Let There Be Light (stylised as let there be light.) is the 25th live album of Hillsong Worship, which consists of several worship pastors from Australian church Hillsong Church. The album was recorded during the 2016 Hillsong Conference at the Qudos Bank Arena from 4 July until 7 July 2016 and was released on 14 October 2016, under Hillsong Music, Sparrow Records and Capitol Christian Music Group.

Their music captures the heart and sound of Hillsong Church globally and represents the coming together of the Hillsong worship team from around the world; including Reuben Morgan, Marty Sampson, Joel Houston, Brooke Ligertwood, Ben Fielding, Taya Smith, Dave Ware, Annie Garratt and many more.

Background 
In March 2016, "Grace to Grace" was released and served as a single for Easter.

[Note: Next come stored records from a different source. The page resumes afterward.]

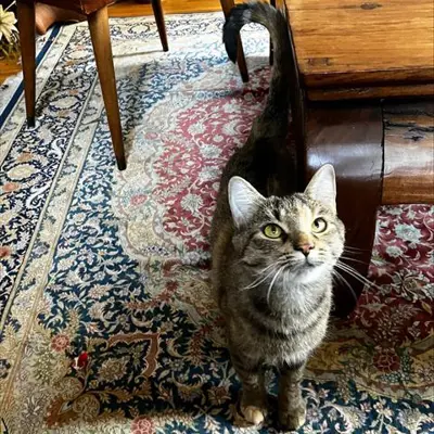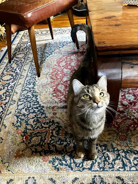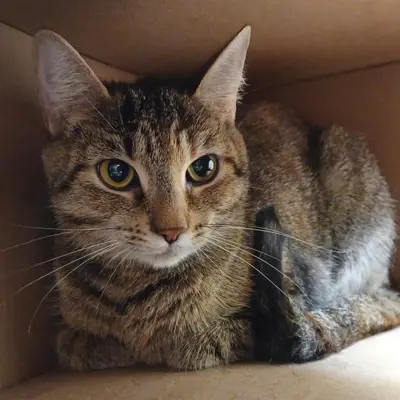 I'm a domestic shorthair kitty with a beautiful brown torbi coat!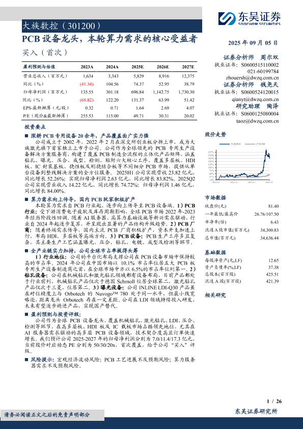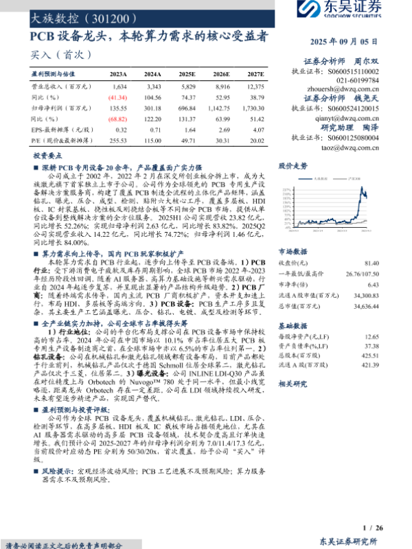 【东吴证券】【202509】大族数控(301200)PCB设备龙头,本轮算力需求的核心受益者-26页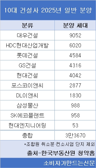 가장 많은 물량을 공급한 곳은 대우건설이다. 대우건설은 올해 9052세대를 분양하며 10대 건설사 가운데 유일하게 9000세대를 넘겼다. 용인 푸르지오 원클러스터 2·3단지, 서면 써밋 더뉴, 풍무역 푸르지오 더 마크 등 대규모 단지를 중심으로 공급을 확대했다.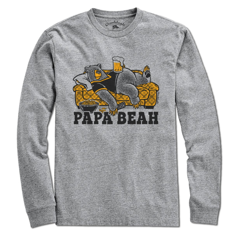 This Papa Beah's couch is juuust right. Celebrate Dad and his favorite pastime with this tee. Featuring a Papa Beah chilling on the couch with a bowl of chips, his clickah, and a cold one. The perfect gift for the Dad who likes to kick back.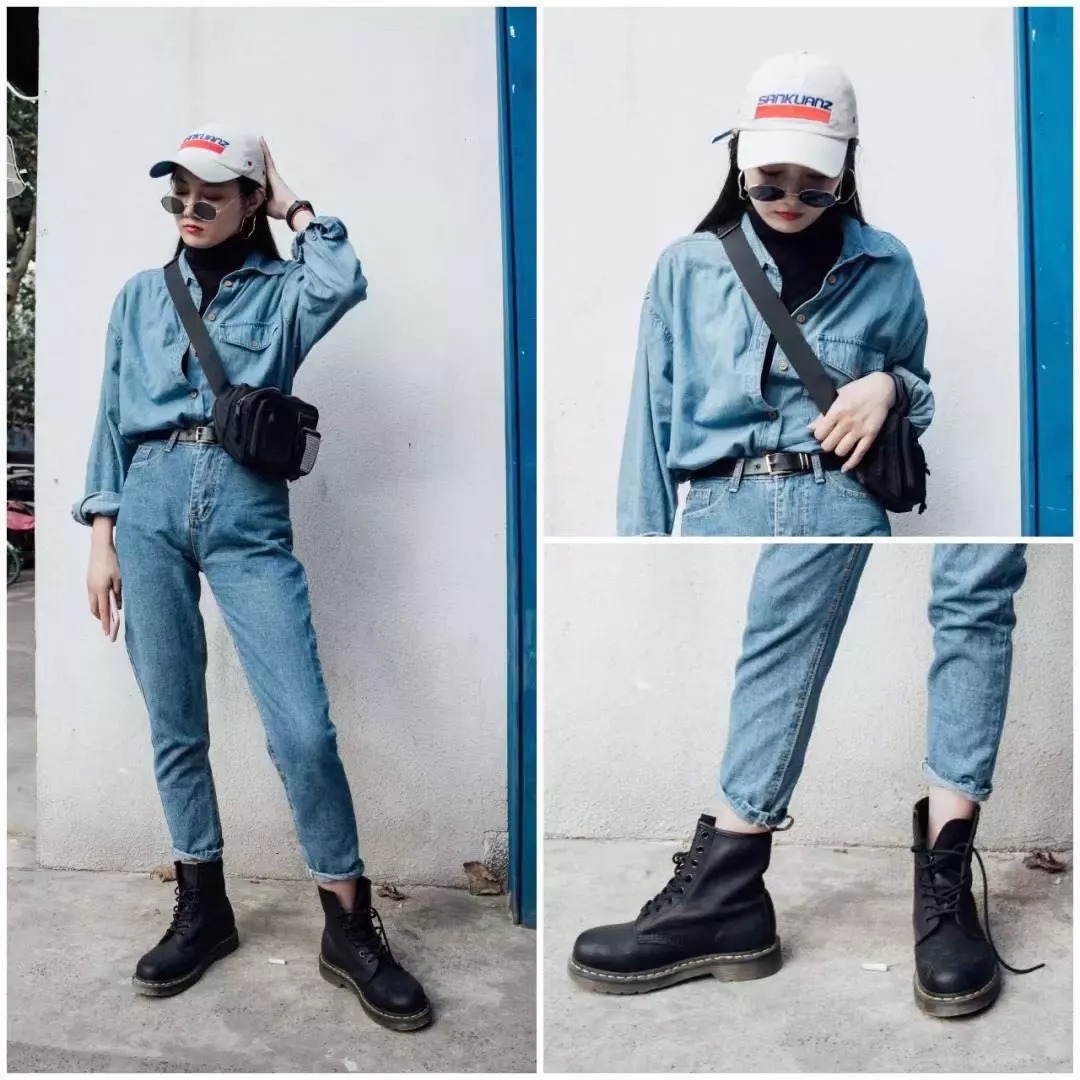 如果穿宽腿裤or工装裤,那么!!请把马丁靴当袜靴一样,使劲勒鞋带,保证脚踝纤细,就不会显粗!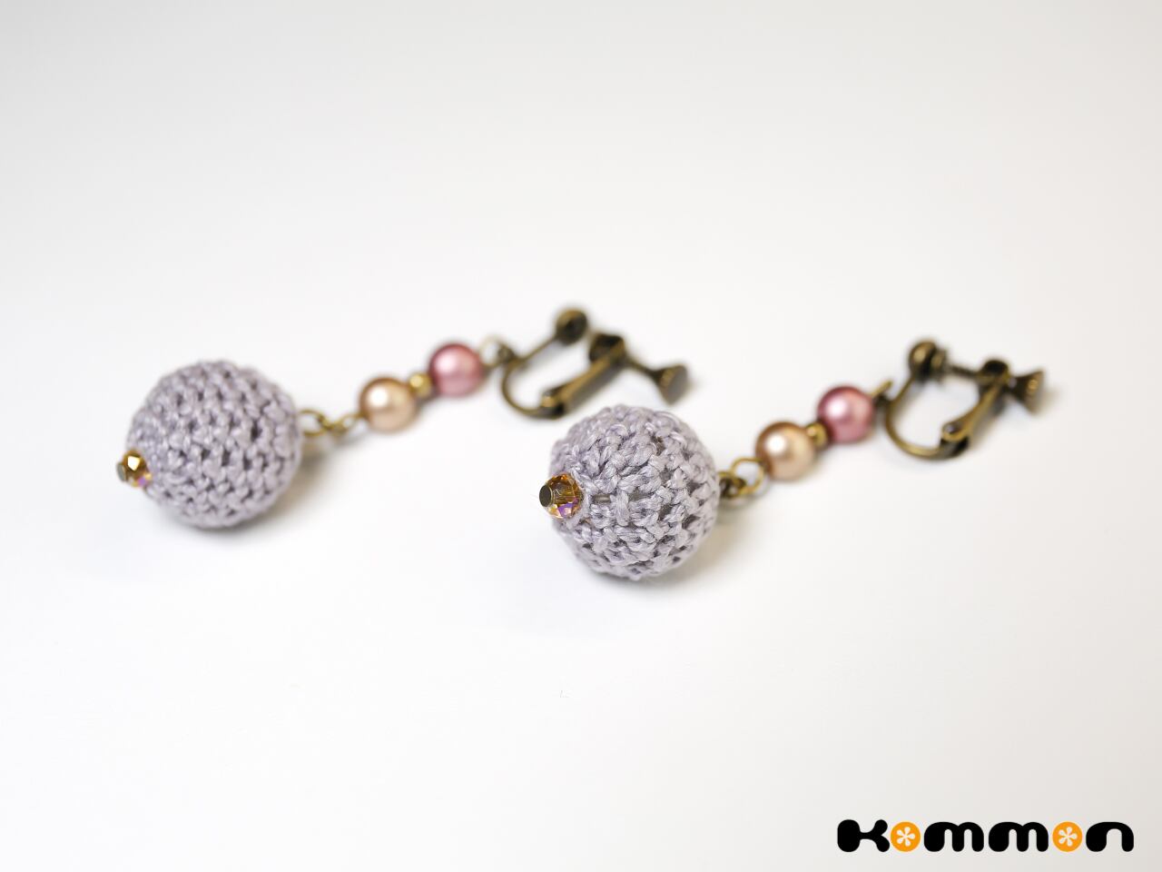 大ぶりのアクリルビーズはニットでくるまれており、くすみカラーのピンクとシャンパンゴールドのパールビーズが彩りを添えます。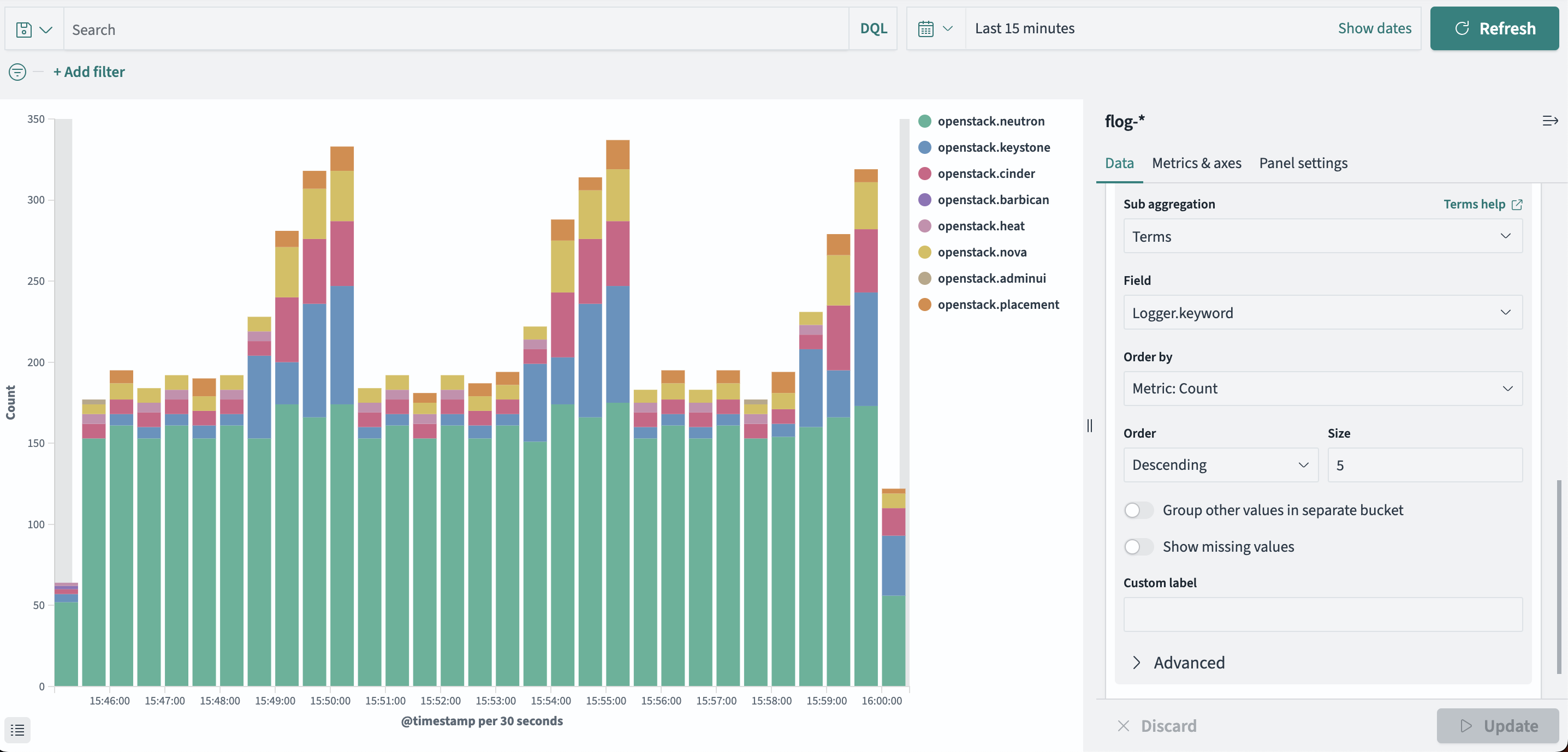 03-opensearch.conf:<match **> @type copy <store> @type opensearch hosts http://{{ opensearch_address }}:{{ opensearch_port }},https://адрес_нового_сборщика:порт_нового_сборщика {% if fluentd_opensearch_path != '' %} path {{ fluentd_opensearch_path }} {% endif %} {% if fluentd_opensearch_scheme == 'https' %} ssl_version {{ fluentd_opensearch_ssl_version }} ssl_verify {{ fluentd_opensearch_ssl_verify }} {% if fluentd_opensearch_cacert | length > 0 %} ca_file {{ fluentd_opensearch_cacert }} {% endif %} {% endif %} {% if fluentd_opensearch_user != '' and fluentd_opensearch_password != ''%} user {{ fluentd_opensearch_user }} password {{ fluentd_opensearch_password }} {% endif %} logstash_format true logstash_prefix {{ opensearch_log_index_prefix }} reconnect_on_error true reload_connections false reload_on_failure true request_timeout {{ fluentd_opensearch_request_timeout }} suppress_type_name true ssl_verify false <buffer> @type file path /var/lib/fluentd/data/opensearch.buffer/openstack.* flush_interval 15s chunk_limit_size 10M </buffer> </store> </match>

In July worship leader Ben Fielding said, "We've been intentional about writing songs that will translate across the Church globally." From many of the Hillsong global campuses such as Sydney, London, New York and Los Angeles, songs were written, re-written and collaborated on in the lead up to the album recording.

"The collaborations have been more through relationship this year, and it has felt less segmented. We've been writing in the studio and there would be people from three different campuses in three different countries there. Each would be representing their own congregation's unique sound, but working together to create something that will translate for all campuses."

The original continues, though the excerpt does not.